Prof. Anlage has investigated the mechanism of high-temperature superconductivity in the copper-oxide materials through measurements of microwave surface impedance and fluctuation conductivity. His main interests are in elucidating the electron pairing mechanism, measuring the intrinsic nonlinear response in the Meissner state, and understanding the nature of the superconductor/normal phase transition in high-Tc materials. All of this comes from measurements of the electrodynamic response of superconductors by various means, including resonant and non-resonant rf, microwave, and millimeter-wave techniques.

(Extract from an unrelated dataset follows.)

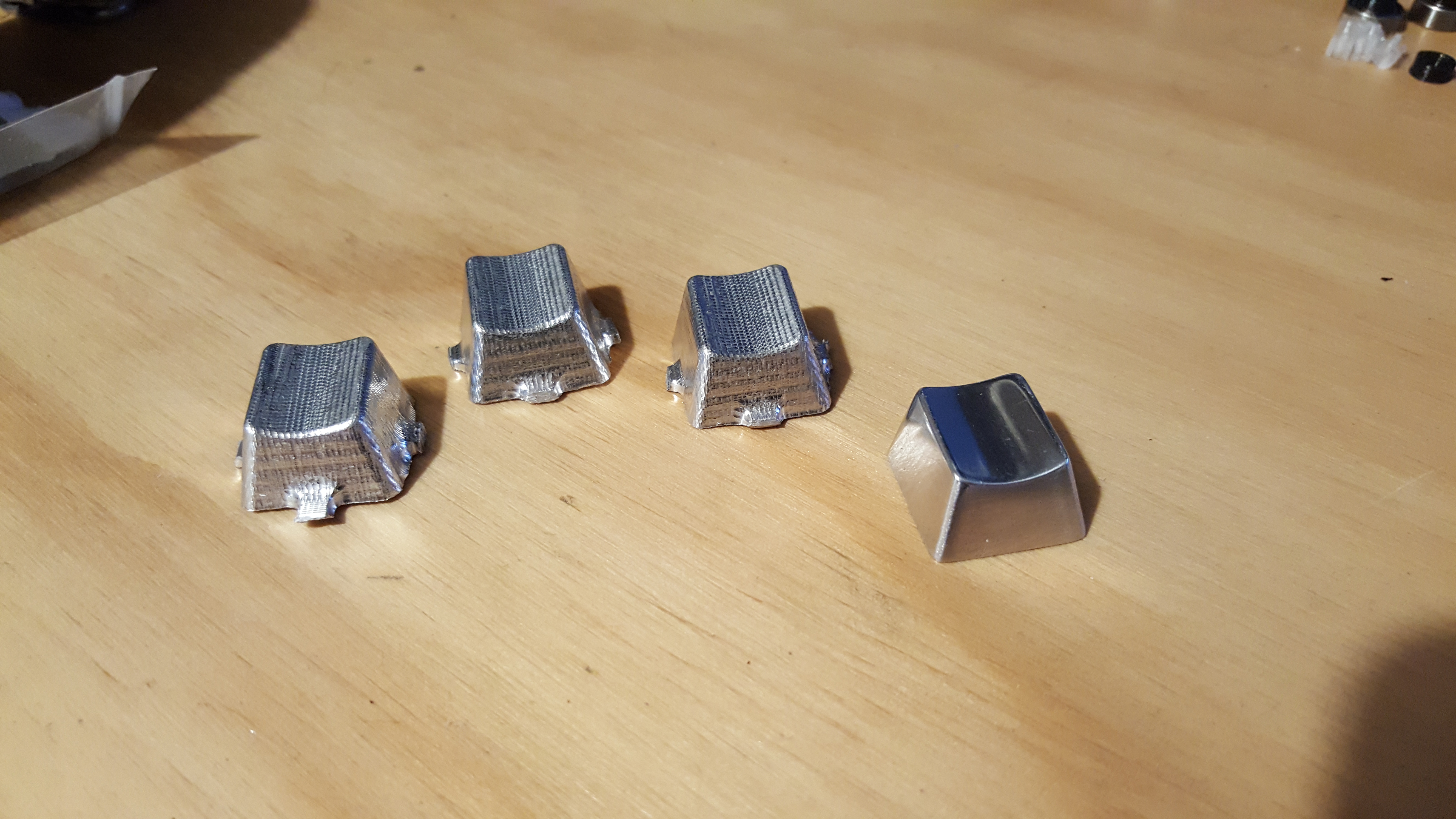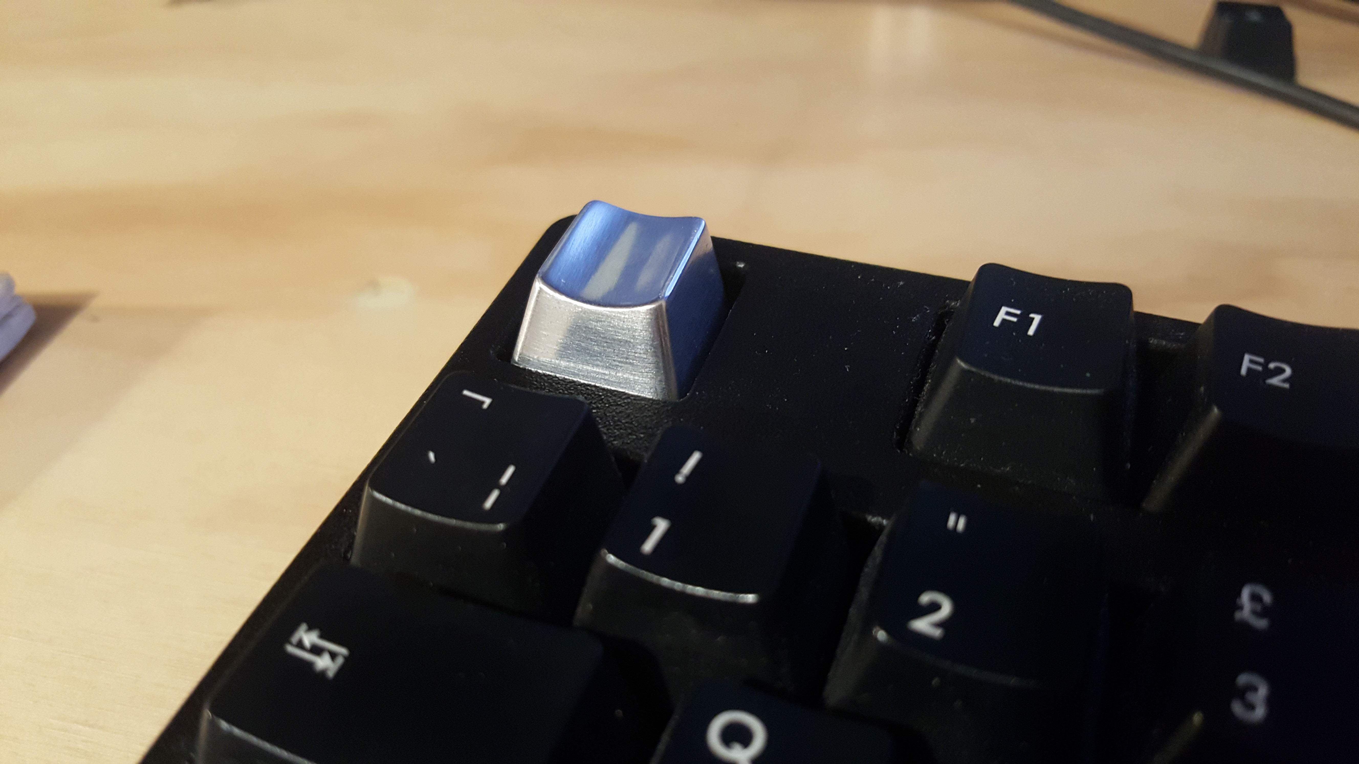 To make the keycap presentable, I first filed off the retention tags, then sanded down the tool marks starting from about 160 grit sandpaper and ending at 2000 grit, and then polished it with Autosol. I think I went up through the grits a bit too fast as there are still some visible sanding scratches, but it's good enough to satisfy me.

Prof. Anlage's group has invented a scanning near-field microwave microscope and used it to perform quantitative imaging of basic physical properties on remarkably short length scales. The microscope has been used to quantitatively image surface sheet resistance, dielectric constant, ferroelectric polarization, magnetic permeability, topography, and microwave electric fields. One version of the microscope employs scanning tunneling microscopy to maintain a ~ 1 nm probe-sample distance, and has achieved a lateral resolution of 2.5 nm in capacitance imaging. Work is in progress to image dielectric properties over more than 1 decade in frequency, image nano-scale phase segregation in manganite oxide materials, and to image local sources of nonlinearity in superconductors.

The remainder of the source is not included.